Handan Kazancı
02 September 2021•Update: 03 September 2021
ANKARA
Presiden Turki Recep Tayyip Erdogan pada Rabu berjanji untuk meningkatkan upaya reformasi peradilan negara
"Dalam periode baru ini, kami akan mempercepat upaya reformasi peradilan kami yang akan memperkuat organisasi peradilan kami dan bangsa kami," kata Erdogan dalam sebuah upacara di ibu kota Ankara.
Pemerintah telah menggulung lengan bajunya untuk menyiapkan paket peradilan baru, kata Erdogan pada acara pembukaan gedung layanan baru untuk Mahkamah Agung dan membuka awal tahun peradilan 2021-2022.
"Teman-teman kita akan membawa paket baru ini ke agenda parlemen sesegera mungkin," tambah presiden Turki.
"Strategi reformasi kami didasarkan pada cita-cita kami untuk tiap individu yang bebas, masyarakat yang kuat, dan Turki yang lebih demokratis," tutur dia.

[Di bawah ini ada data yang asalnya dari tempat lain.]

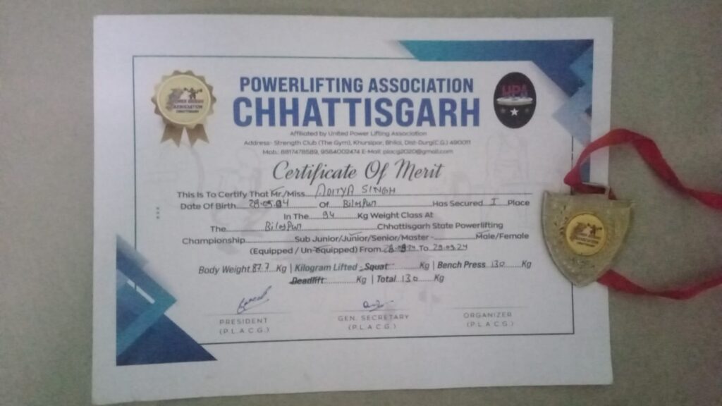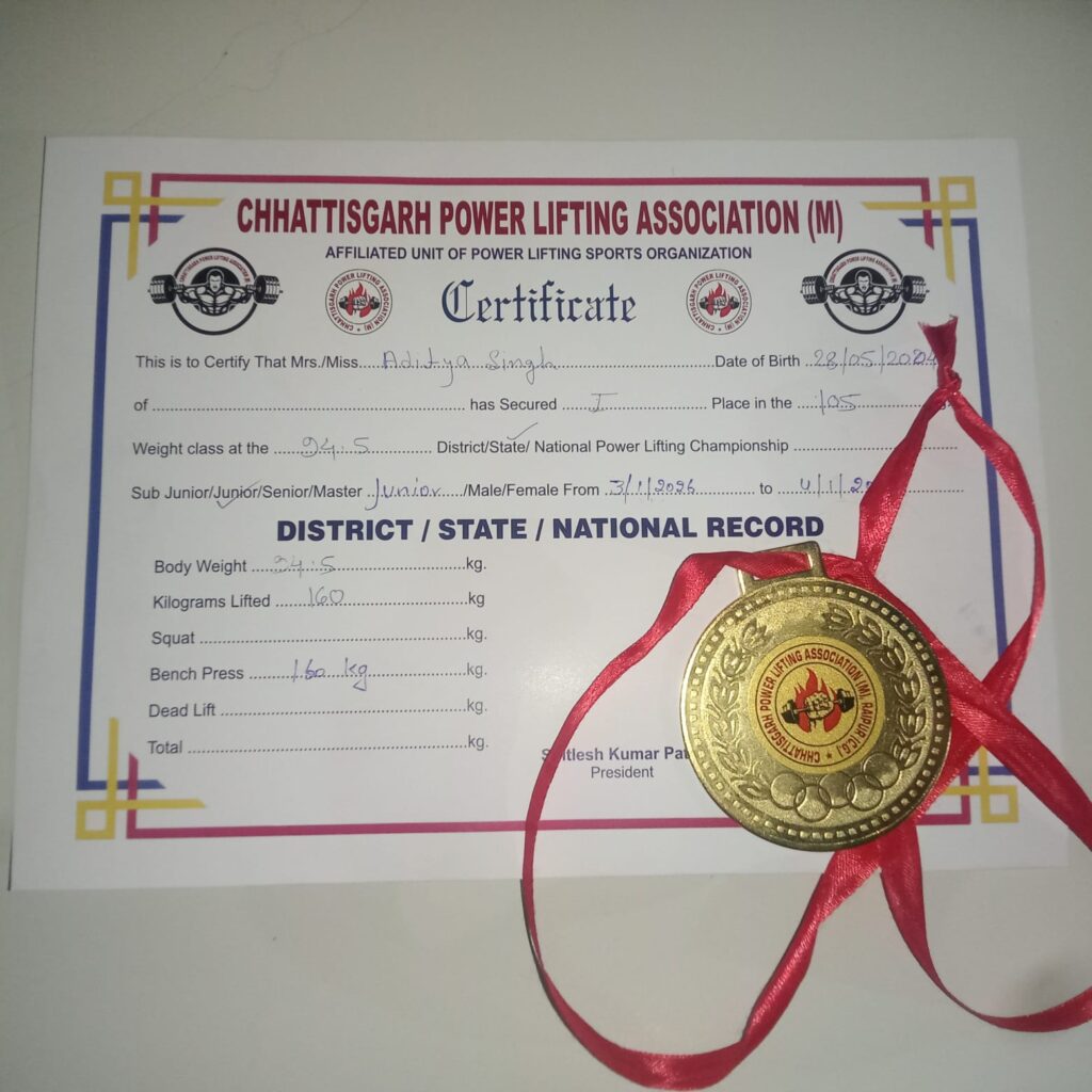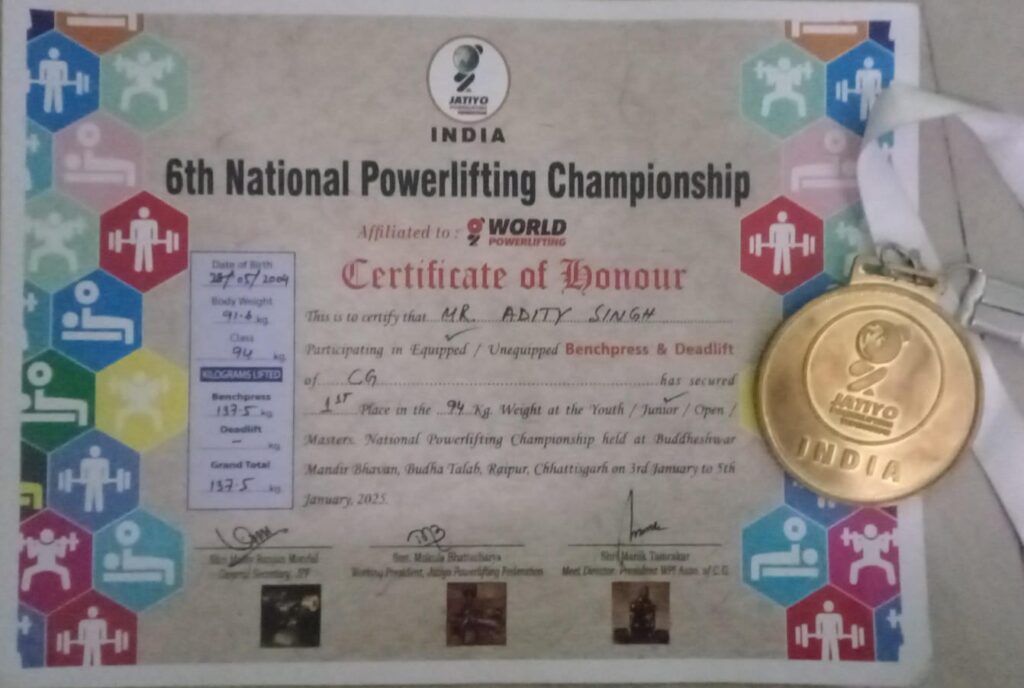 आदित्य ने 160 KG भार उठाकर जीता गोल्डमेडल….राज्य मे प्रथम जीत दर्ज कर जूनियर मे रिकॉर्ड बनाया….पावर लिफ्टिंग चैंपियनशिप प्रतियोगिता में मारी बाजी

Pada 2 Maret, Erdogan mengumumkan rencana soal hak asasi manusia, mengungkap 11 prinsip yang akan dilaksanakan dalam dua tahun.

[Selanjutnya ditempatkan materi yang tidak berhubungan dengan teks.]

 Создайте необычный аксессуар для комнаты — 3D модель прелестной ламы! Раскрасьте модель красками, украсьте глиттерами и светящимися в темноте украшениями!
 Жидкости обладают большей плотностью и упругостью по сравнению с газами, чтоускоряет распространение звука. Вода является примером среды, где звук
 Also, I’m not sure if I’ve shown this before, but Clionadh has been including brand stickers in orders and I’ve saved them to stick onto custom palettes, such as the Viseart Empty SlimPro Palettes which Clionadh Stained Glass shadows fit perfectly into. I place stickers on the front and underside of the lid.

Reformasi ini dirancang sebagai rencana "berbasis luas" untuk memperkuat perlindungan hak, kebebasan dan keamanan individu, independensi peradilan, privasi pribadi, transparansi, dan hak milik, serta melindungi kelompok rentan dan meningkatkan kesadaran administratif dan sosial terkait HAM.
Konstitusi baru
Mengenai kemungkinan pembentukan konstitusi baru untuk Turki, Erdogan mengatakan Partai Keadilan dan Pembangunan (AK) negara itu berencana untuk mengumumkan rancangannya pada bulan-bulan pertama tahun depan.
Pada upaya serupa oleh partai-partai oposisi, Presiden Erdogan mengatakan bahwa merundingkan rancangan ini dan membentuk teks bersama akan menjadi "kemenangan besar bagi Turki."
Awal tahun ini, Erdogan telah mengajak semua partai politik di Turki untuk berpartisipasi dalam penyusunan konstitusi baru.
Seruan Erdogan untuk konstitusi sipil baru telah didukung oleh Partai Gerakan Nasionalis (MHP), sekutu Partai Keadilan dan Pembangunan (AK) di bawah Aliansi Rakyat.
Konstitusi Turki saat ini dirancang setelah kudeta militer pada tahun 1980.